### Recorded data
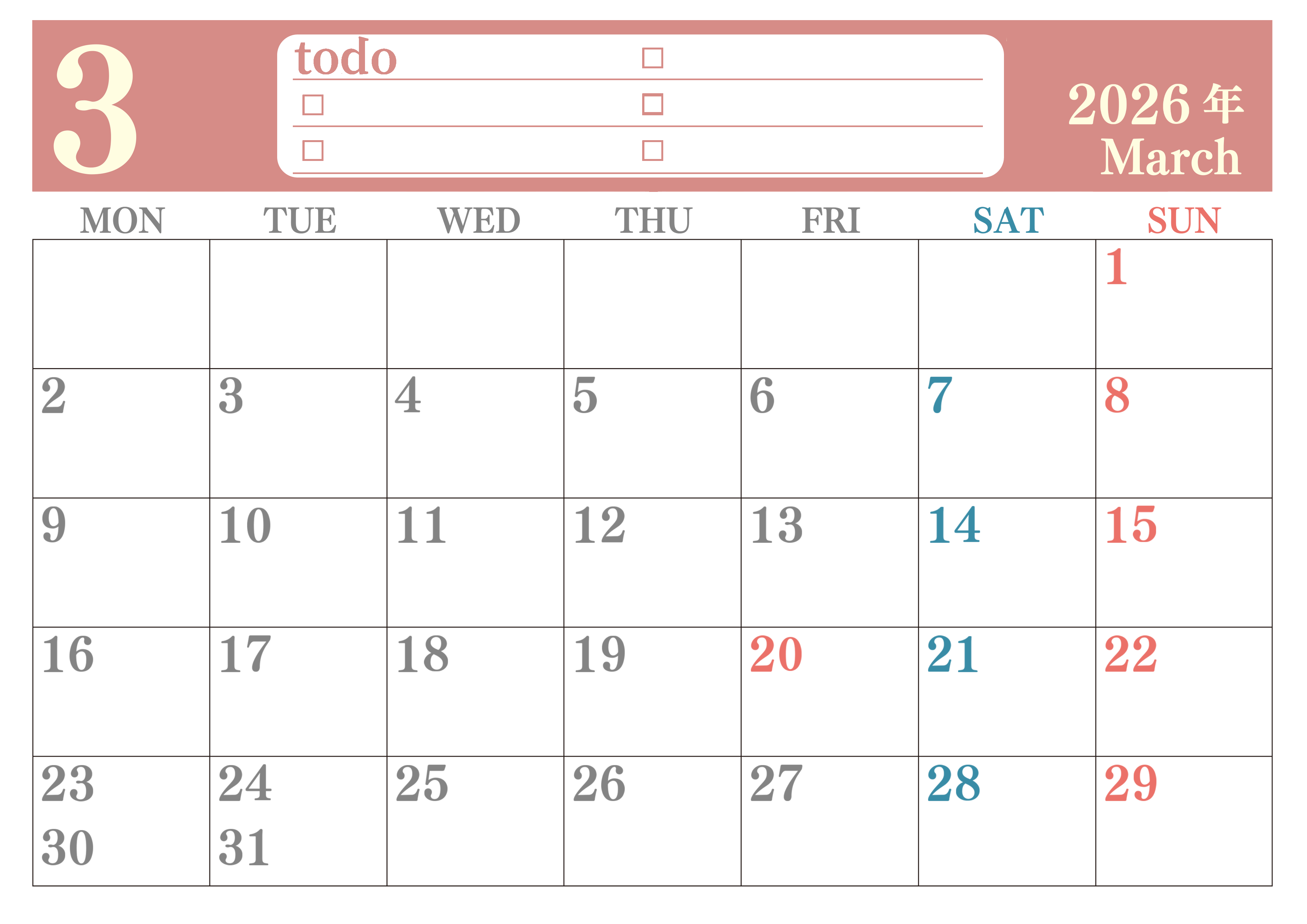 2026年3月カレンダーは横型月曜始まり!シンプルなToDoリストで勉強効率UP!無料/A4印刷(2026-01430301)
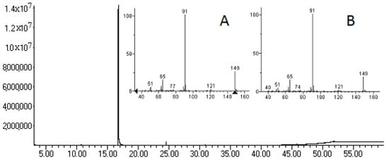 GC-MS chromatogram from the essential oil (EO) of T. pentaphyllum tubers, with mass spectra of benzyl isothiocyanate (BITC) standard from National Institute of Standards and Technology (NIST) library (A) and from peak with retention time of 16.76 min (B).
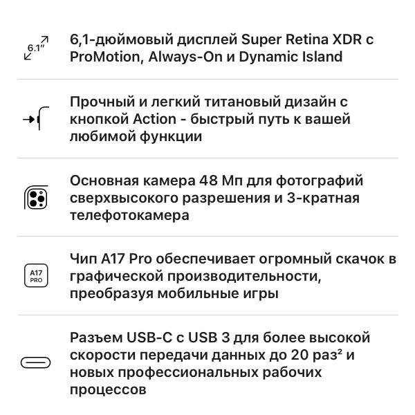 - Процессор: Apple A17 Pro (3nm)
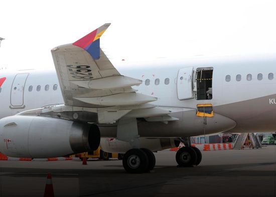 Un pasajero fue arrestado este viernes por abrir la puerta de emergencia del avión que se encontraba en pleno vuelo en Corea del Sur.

### What to work on
The finished copy should match the data above word for word and contain no pictures.

### Response below
 2026年3月カレンダーは横型月曜始まり!シンプルなToDoリストで勉強効率UP!無料/A4印刷(2026-01430301)
 GC-MS chromatogram from the essential oil (EO) of T. pentaphyllum tubers, with mass spectra of benzyl isothiocyanate (BITC) standard from National Institute of Standards and Technology (NIST) library (A) and from peak with retention time of 16.76 min (B).
 - Процессор: Apple A17 Pro (3nm)
 Un pasajero fue arrestado este viernes por abrir la puerta de emergencia del avión que se encontraba en pleno vuelo en Corea del Sur.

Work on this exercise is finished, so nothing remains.